▶ _TO DO_: The required output is the stretch from the line containing "Това не е беседка." through the line containing "Professzionális hosszú carbon" in the records below, unaltered and with no pictures.

▶ _PROVIDED DATA_:
========================================
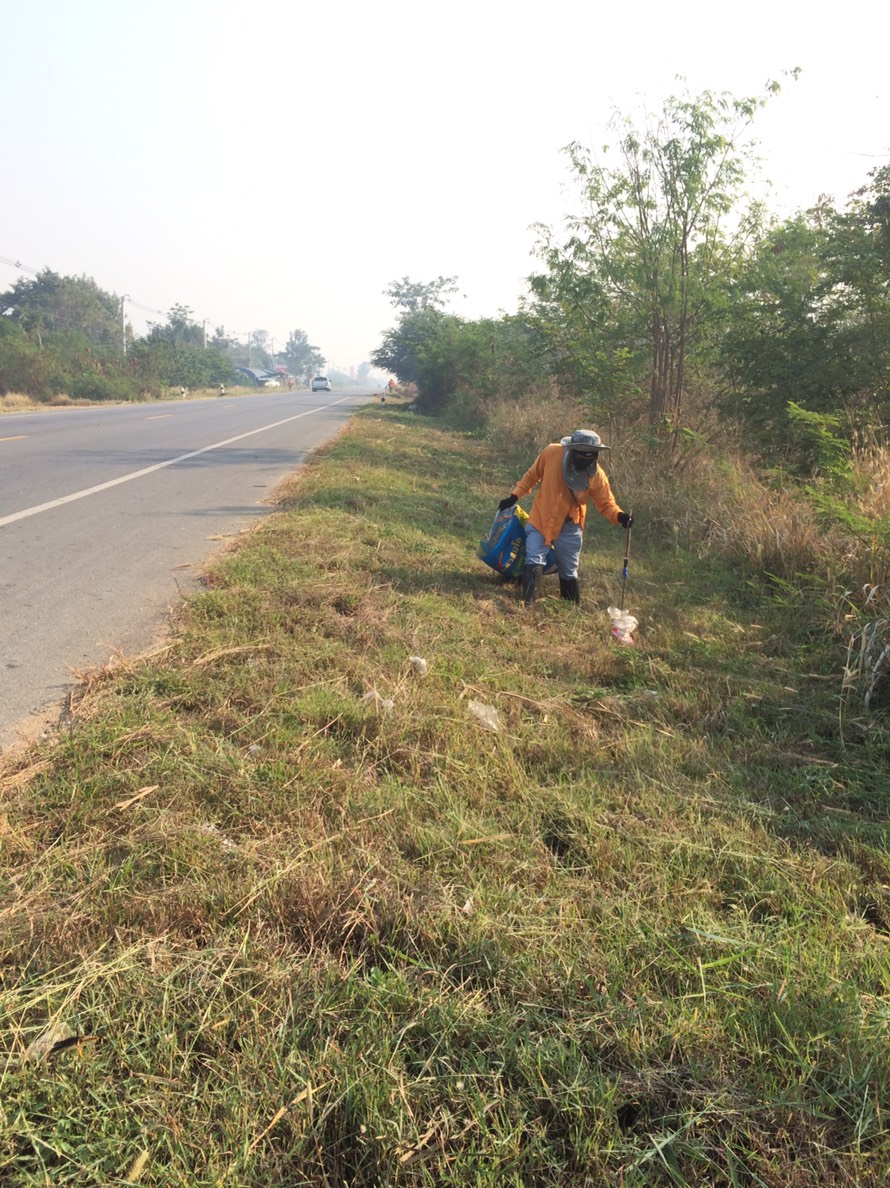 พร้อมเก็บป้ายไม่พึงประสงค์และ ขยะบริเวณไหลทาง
========================================
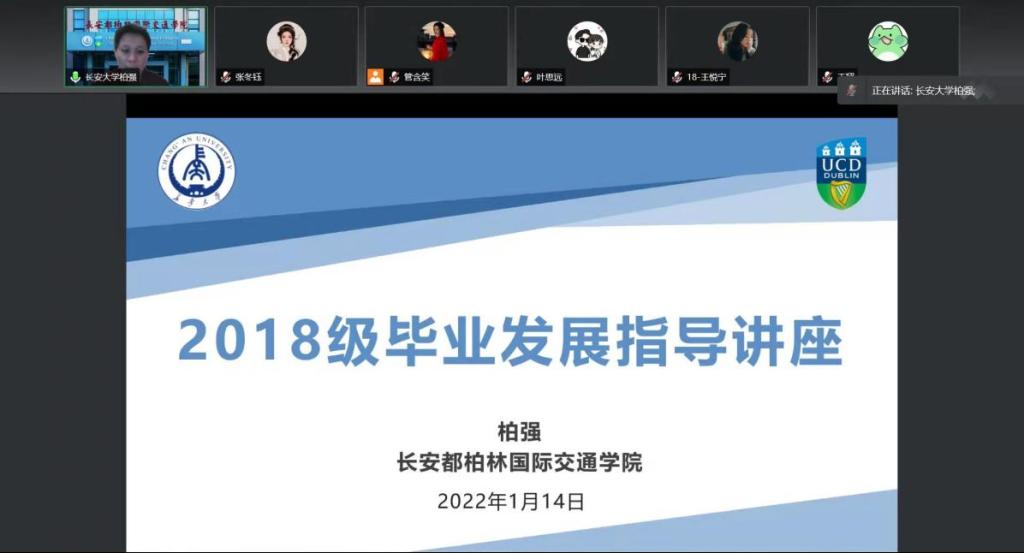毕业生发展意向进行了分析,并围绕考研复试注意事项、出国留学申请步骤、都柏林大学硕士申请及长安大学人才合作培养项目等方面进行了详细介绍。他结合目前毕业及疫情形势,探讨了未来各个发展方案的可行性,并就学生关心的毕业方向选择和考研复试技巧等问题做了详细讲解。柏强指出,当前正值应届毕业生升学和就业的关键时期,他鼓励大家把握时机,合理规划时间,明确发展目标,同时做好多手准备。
========================================
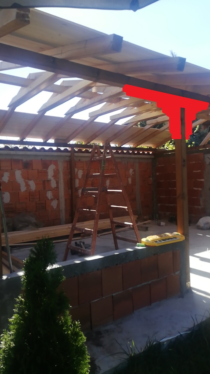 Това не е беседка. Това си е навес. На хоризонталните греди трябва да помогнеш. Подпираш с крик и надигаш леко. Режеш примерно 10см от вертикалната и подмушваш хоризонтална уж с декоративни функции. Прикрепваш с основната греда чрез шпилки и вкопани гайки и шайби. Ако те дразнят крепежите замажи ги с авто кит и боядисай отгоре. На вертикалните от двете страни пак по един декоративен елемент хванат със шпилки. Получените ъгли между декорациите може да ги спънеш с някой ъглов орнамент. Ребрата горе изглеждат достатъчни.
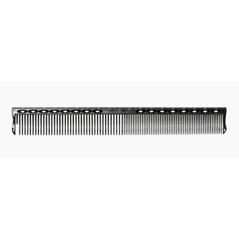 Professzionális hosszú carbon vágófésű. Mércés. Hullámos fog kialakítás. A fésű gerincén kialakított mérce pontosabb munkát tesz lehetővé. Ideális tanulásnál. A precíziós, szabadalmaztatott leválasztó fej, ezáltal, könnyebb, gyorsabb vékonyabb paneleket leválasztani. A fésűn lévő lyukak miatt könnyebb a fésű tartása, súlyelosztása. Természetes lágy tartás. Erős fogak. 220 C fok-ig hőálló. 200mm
========================================
▶ _RESPONSE AREA_:
 Това не е беседка. Това си е навес. На хоризонталните греди трябва да помогнеш. Подпираш с крик и надигаш леко. Режеш примерно 10см от вертикалната и подмушваш хоризонтална уж с декоративни функции. Прикрепваш с основната греда чрез шпилки и вкопани гайки и шайби. Ако те дразнят крепежите замажи ги с авто кит и боядисай отгоре. На вертикалните от двете страни пак по един декоративен елемент хванат със шпилки. Получените ъгли между декорациите може да ги спънеш с някой ъглов орнамент. Ребрата горе изглеждат достатъчни.
 Professzionális hosszú carbon vágófésű. Mércés. Hullámos fog kialakítás. A fésű gerincén kialakított mérce pontosabb munkát tesz lehetővé. Ideális tanulásnál. A precíziós, szabadalmaztatott leválasztó fej, ezáltal, könnyebb, gyorsabb vékonyabb paneleket leválasztani. A fésűn lévő lyukak miatt könnyebb a fésű tartása, súlyelosztása. Természetes lágy tartás. Erős fogak. 220 C fok-ig hőálló. 200mm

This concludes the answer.